* Assigned task *
Should the listing contain images, exclude them; give the rest again exactly.

[[ Data provided, beginning ]]

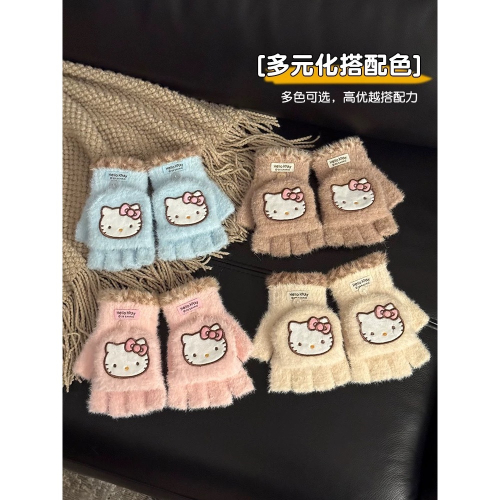 正品 kitty手套 秋冬季騎行 保暖防寒風針織毛線可觸控螢幕 成人五指 手套🧤
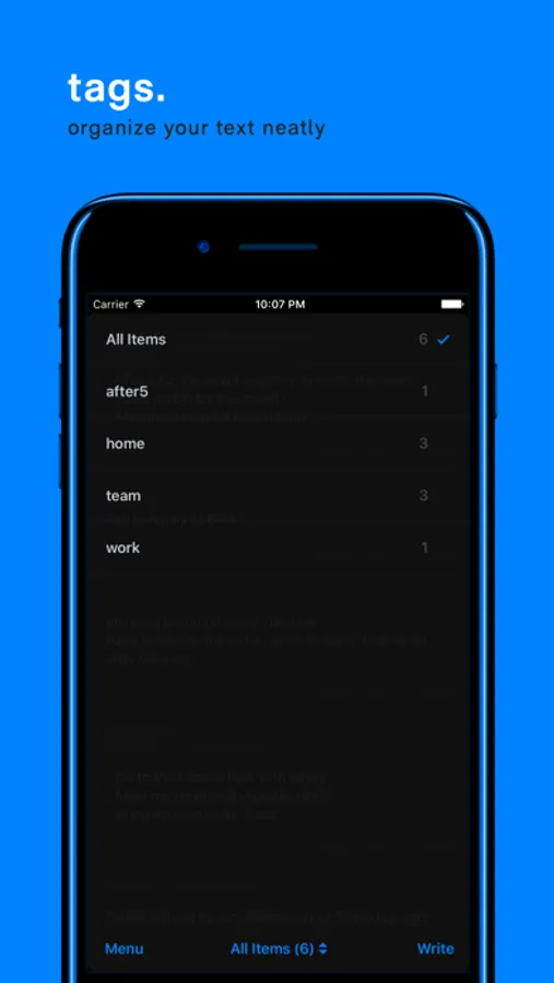 Reminders, snippets, drafts, and more. Your text is neatly organized by adding 'tags' so that you can easily pick up and reuse by coping to pasteboard.
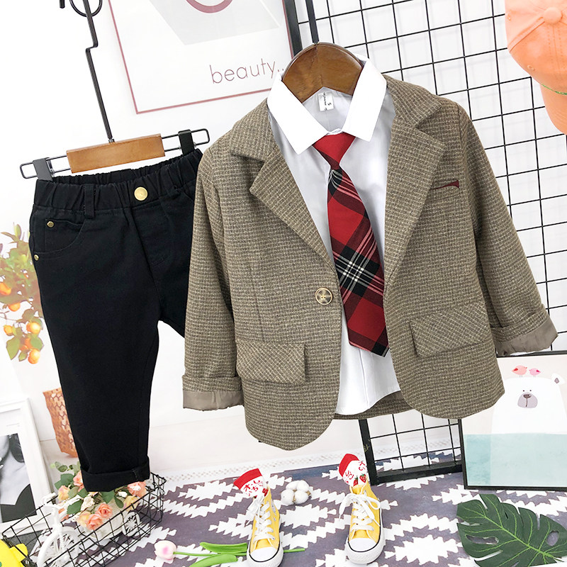Осенний детский костюм для мальчиков, платье для отдыха, куртка, в западном стиле, в британском стиле

[[ Data provided, end ]]

* Response *
 正品 kitty手套 秋冬季騎行 保暖防寒風針織毛線可觸控螢幕 成人五指 手套🧤
 Reminders, snippets, drafts, and more. Your text is neatly organized by adding 'tags' so that you can easily pick up and reuse by coping to pasteboard.
Осенний детский костюм для мальчиков, платье для отдыха, куртка, в западном стиле, в британском стиле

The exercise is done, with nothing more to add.